I was shocked to discover that the hull on a 3700 had split under the forward bulkhead while under way. The event occurred last December. The owner seems to be in a terrible position and is still without his boat. The parallel universes that so many owners seem to be in with these boats is amazing. To hear about the boat splitting wide open, the salvage vs towed legal issues, the repair nightmare and his ongoing horror story trying to get his boat back is gut-wrenching.
The data gathered to date by very generous, frustrated and concerned Tartan and C&C owners has helped me get a very clear picture of both random build issues and some that have patterns.

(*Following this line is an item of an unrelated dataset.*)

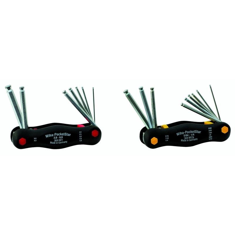 MagicRing Screw Holding Ball End Hex PocketStar Fold Out Inch 5/64, 3/32, 7/64, 1/8, 9/64, 5/32, 3/16, 7/32, 1/4in & Metric 2.0, 2.5, 3.0, 4.0, 5.0, 6.0, 8.0mm (2 Pc Set)Blades Ball End 2.0, 2.5mm, 5/64, 3/32, 7/64in MagicRing Ball End 3.0, 4.0, 5.0, 6.0, 8.0mm, 1/8, 9/645/32, 3/16, 7/32, 1/4in Wiha special chrome-vanadium-molybdenum tool steel Uses Hardened Steel Compression Ring Grips Inner Head Of Screw full radius contact Allows you a free hand for work positioning Through hardened for best wear resistance Handle Comfort formed molded ergo grips Reinforced with fiberglass Clever Push Button for fast key access
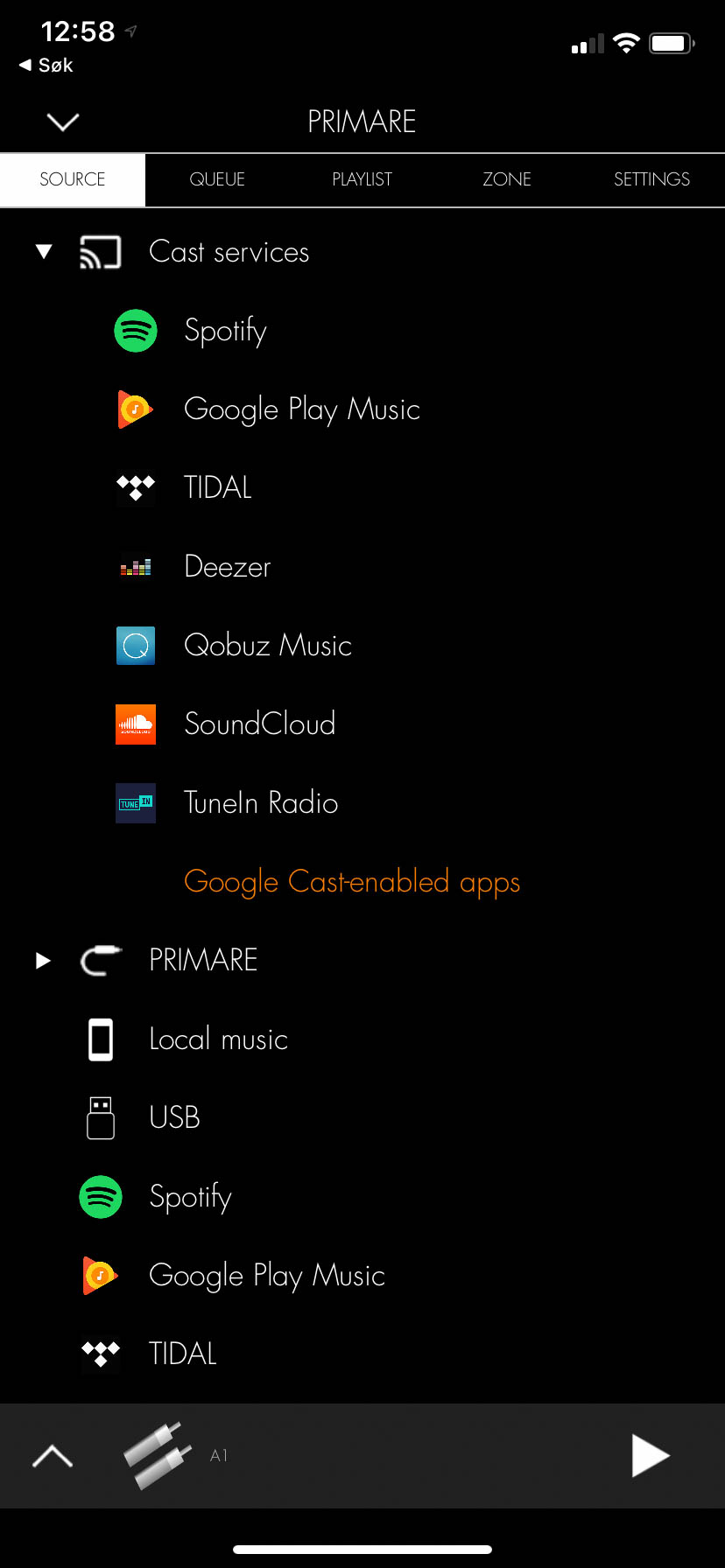 Den store fordelen med at Chromecast er den løsningen som formidler streamingen er at dette er en godt etablert standard. Man benytter hver strømmetjeneste sine egne apper for å velge- og å styre musikken, mens du velger å caste til Primare-enheten. Dette er en enkel og oversiktlig løsning, som fungerer godt. Vi opplever ofte at andre plattformer som må lage sin egen implementering av strømmetjenesten sin app bare lykkes delvis med funksjonaliteten. Med Primare sin løsning benytter du den appen du allerede er godt kjent med.

Here is one section of an email I received this week from an ex-Tartan dealer:
"Your problems with the Tartan product are alarming but not unusual. I certainly don't know the law, but I know that many owners have been driven to distraction by some of the manufacturing practices, many of the business practices, and all of the service practices of the company."
So I am left this Saturday asking myself this question: When will Yanmar USA and Bill Ross acknowledge the build issues in their product(s) and make things right - for this owner and all the Tartan/C&C owners on a pro active basis?
So here is what is puzzling to me as a businessman: I am discovering potentially life threatening build issues within the Tartan 3700 fleet that Fairport Yachts surely knows about. I have no doubt some of these issues may even run across the 3400, 3500, 4100, 4400 fleets and all the boats manufactured in OH. Yet to find out this week that a boat manufactured around the same time as MAKO had split open while at sea is surely news the 3700 owners should know about. If a hull splitting 30 inches long below the forward bulkhead (as reported to me by the owner) would have occurred on an aircraft in flight the FAA would be involved and the fleet would be grounded until such time as all the airframes have been inspected. The manufacturer certainly would be all over the defect. The FAA would issue an Airworthiness Directive (AD) and inspections and repairs would be paid for by the manufacturer. Now I don't know whether the boat involved was affected by a previous grounding, or if there are other such issues, but surely with the manufacturer knowing that at least one of their hulls has split below the waterline, surely an advisory notice to customers would be the least Bill Ross could pro actively send out. Surely as an attorney he knows the inherent liability Fairport Yachts has by failing to disclose issues with the hulls splitting and cracking, faulty hull-deck joints, faulty wiring, faulty sail drives, faulty stainless steel used with life-lines and other [significant] issues that are now being well documented.